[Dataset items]

■ ■ ■ ■ ■

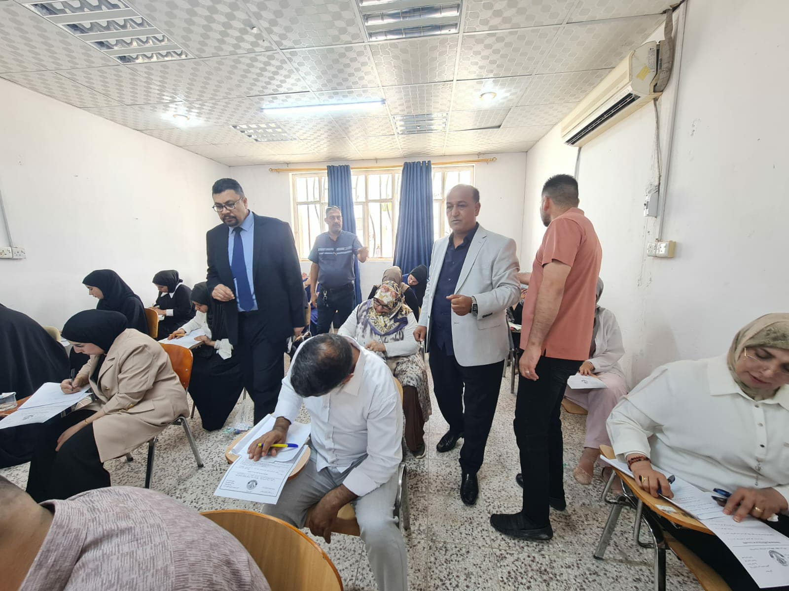 وقد اجرى السيد عميد كلية الفنون الجميلة الاستاذ الدكتور كاظم نوير الزبيدي وبمعية السيد معاون العميد الاداري ا.م.د.حليم هاتف جاسم والسيد المعاون العلمي ا.م.د.علي جرد الحميري والسادة روؤساء الاقسام العلمية ا.م.د.محمد جاسم الشبيلي رئيس قسم التربية الفنية وا.م.د.مهند ابراهيم العميدي رئيس قسم الفنون المسرحية وبحضور اعضاء اللجنتين الامتحانية المركزية والفرعية في الكلية زيارة تفقدية للقاعات الامتحانية للاطلاع على سير الامتحانات الحضورية النهائية لطلبة الدراسات الاولية الصباحية والمسائية في الكلية.
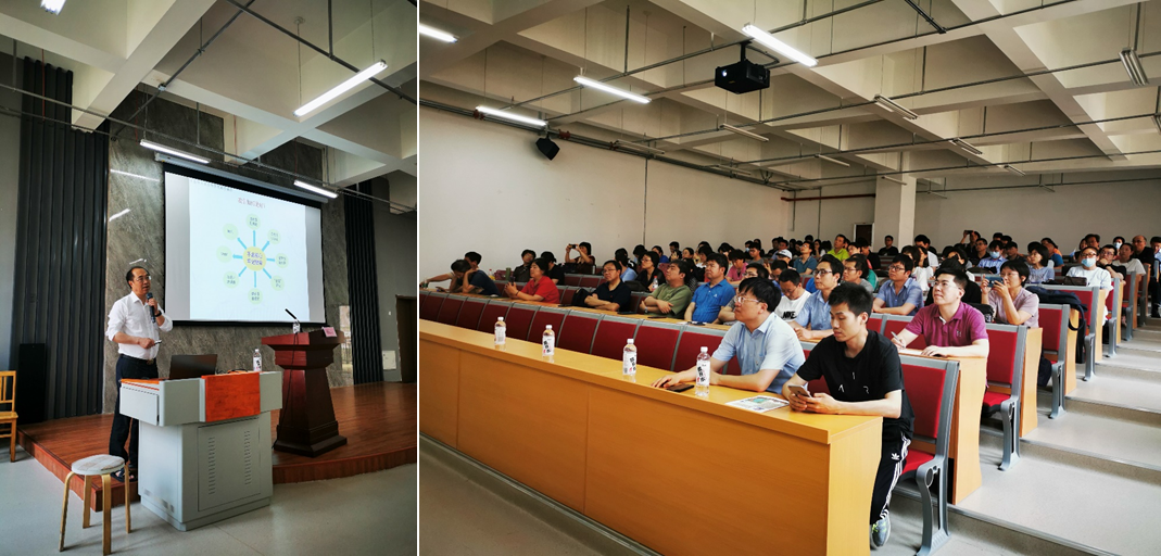 张汉壮教授用风趣幽默的语言,围绕“深化课程建设,践行育人使命”的主题,以《物理学导论》课程体系为范本,详细阐述了如何以课程建设为载体,践行好育人使命。他强调,课程内涵建设要注重课程逻辑性、历程性和应用性的讲解以此培养学生科学思维能力、研究方法能力和科学探索能力,真正实现课程育人。张教授的报告内容丰富、理念先进、观点新颖,与会人员深受触动,也赢得了参会教师和学生的热烈掌声。
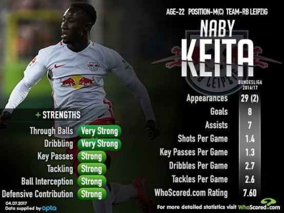 在两支红牛队,凯塔正如红牛的那句广告语一样,能量超乎想象。在德甲的处子赛季,凯塔帮助球队拿到亚军,进军欧冠。凯塔的表现也一如既往的耀眼,在上赛季德甲最佳阵容的评选中,凯塔的得分仅次于拜仁前锋莱万,理所当然地入选。
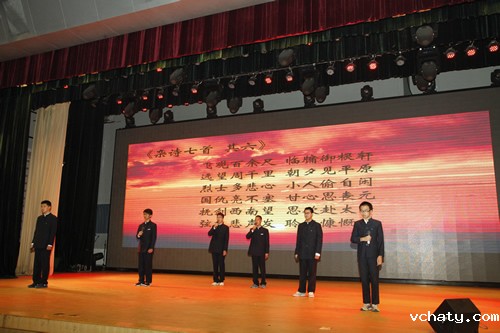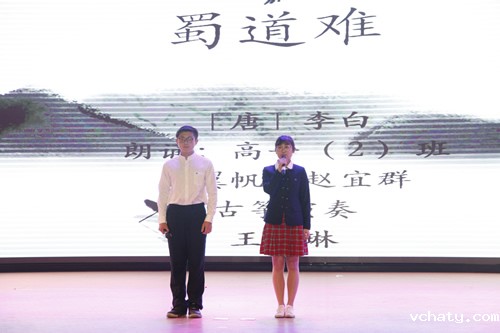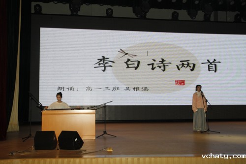 同学们以班级为单位报名,14个节目异彩纷呈。诗词作品纵贯几千年,题材广泛,风格多样,从战国的《诗经秦风》至清朝曹雪芹的《葬花吟》,从唐宋大家的经典名篇到学生的原创作品,中国古典文化的魅力与韵味――或浪漫宏伟、飘逸潇洒,或清扬婉约、孤寂忧愁,在几个小时内得到丰富生动的体现。特别是高一9班、10班的同学们全班上场,用声情并茂、气势磅礴的朗诵真挚地表达出当代青年对祖国传统诗词的理解与热爱。除传统的朗诵外,同学们还融入了歌唱、传统乐器伴奏及舞台剧等形式,多角度展示了中国古典诗词的魅力。最后,梁原草副校长及商雪晴老师登台助兴,朗诵了陆游、唐琬的《钗头凤》,把活动气氛推向高潮。
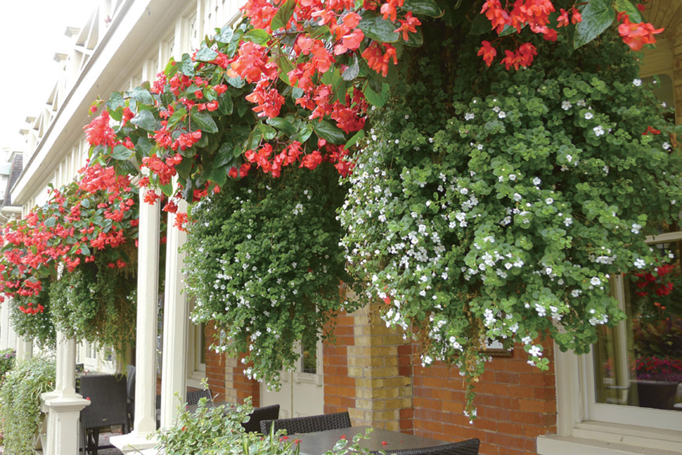 在普吉島的珍珠村飯店,早餐的花園餐廳面對椰樹環(huán)繞的一池碧水。讓人稱奇的是攀援植物綴編成團團簇簇的鮮花屋頂,遠遠看去像層燒紅的早霞。
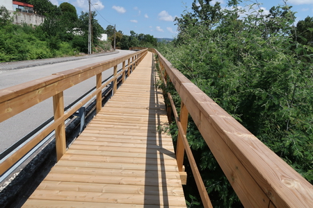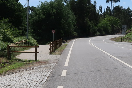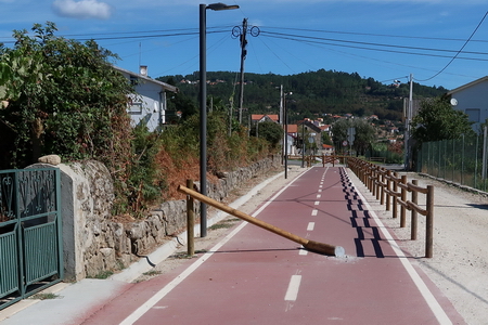 Durch die Straßenführung ist die Bahntrasse unterbrochen und muss umfahren werden. Ein unfertiger Holzsteg (Stand Mai 2023) auf beiden Seiten verspricht baldige Besserung. Nach der Umfahrung mit einem steilen Abschnitt (ca. 300 m) erreicht man wieder den Weg auf der Trasse. In zwei großen Schleifen geht es auf Asphalt hinab zum Tal des Rio Vouga.
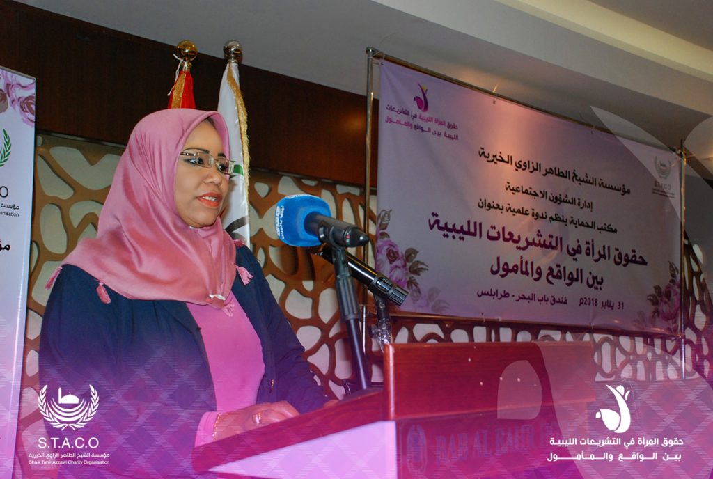 Today, the Department of Social Affairs at the Sheikh Al-Taher Al-Zawi Charitable Foundation organized a scientific symposium entitled “Women’s Rights in Libyan Legislation between Reality and Hope,” which was held at Bab Al Bahr Hotel in the capital, Tripoli.
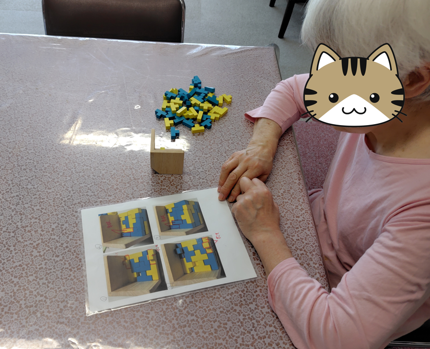 今日は、いつも行われている歩行訓練の他、認知機能の維持・向上としてパズル(?)をやっていました!
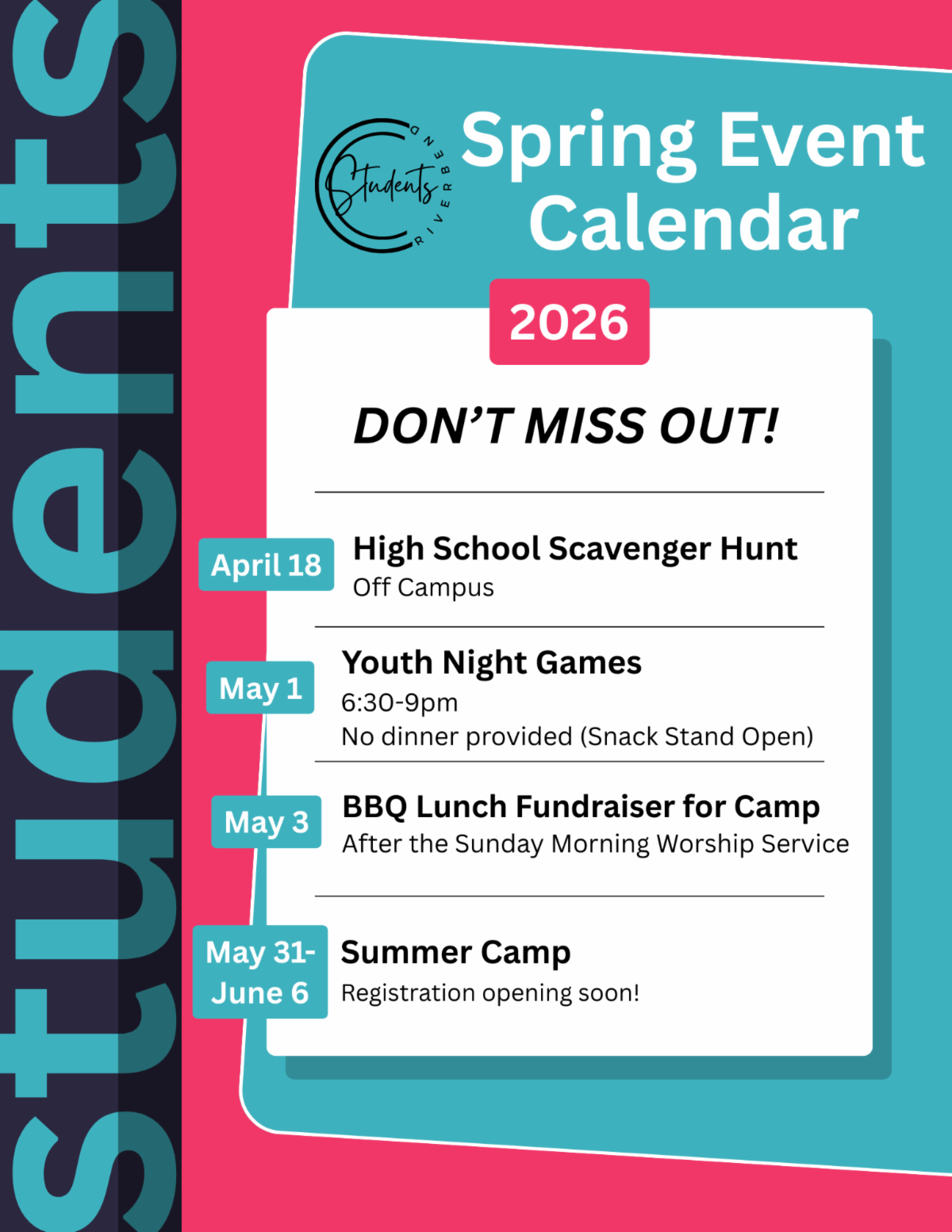 Student Bible Study, Youth Center, 5:30 pm
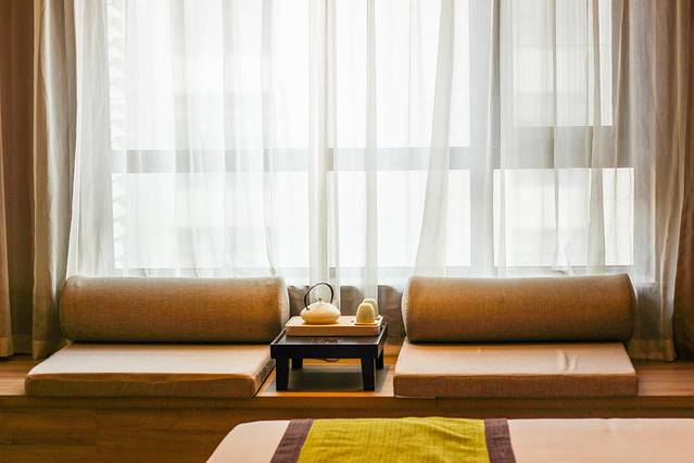 窗户上挂着白色纱帘,有朦胧光线透过,素雅的茶具,摆放在卧榻旁,坐在这里,说话也好,发呆也好,过得浮生半日清闲。
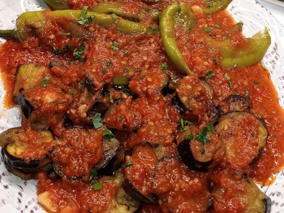 Αφού δέσει η σάλτσα, προσθέτουμε τις μελιτζάνες και τις πιπεριές, παίρνουν μία βράση όλα μαζί και σερβίρουμε προαιρετικά με φρέσκο ψιλοκομμένο μαϊντανό, φέτα και ψωμί.
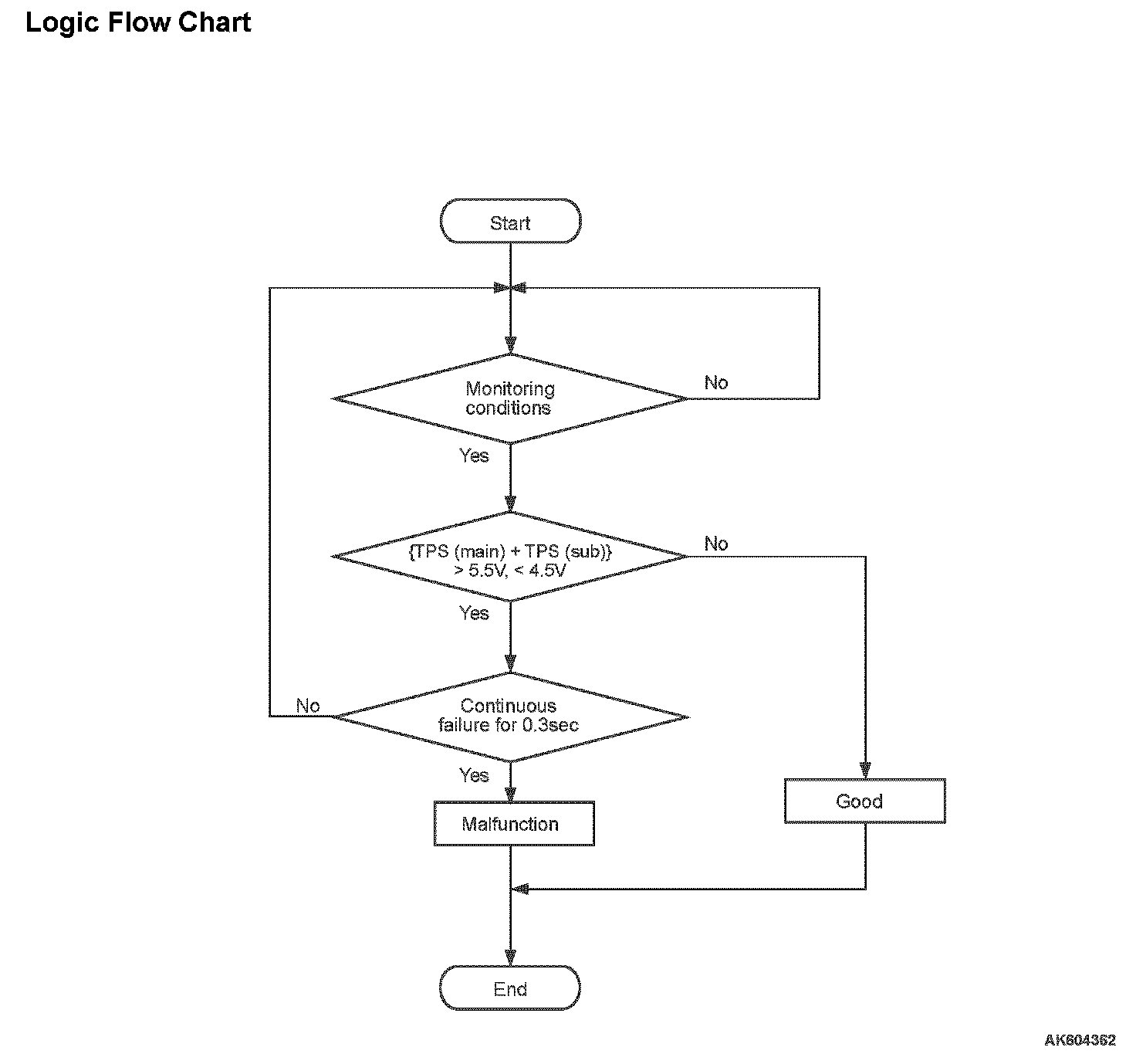 - For 0.3 second, the sum of the output voltage of the throttle position sensors (main) and (sub) is less than 4.5 volts, or more than 5.5 volts.

■ ■ ■ ■ ■

Taking the entries above, extract every line from the one bearing "今日は、いつも行われている歩" through the one bearing "窗户上挂着白色纱帘,有朦胧光", exactly, with no pictures.

 今日は、いつも行われている歩行訓練の他、認知機能の維持・向上としてパズル(?)をやっていました!
 Student Bible Study, Youth Center, 5:30 pm
 窗户上挂着白色纱帘,有朦胧光线透过,素雅的茶具,摆放在卧榻旁,坐在这里,说话也好,发呆也好,过得浮生半日清闲。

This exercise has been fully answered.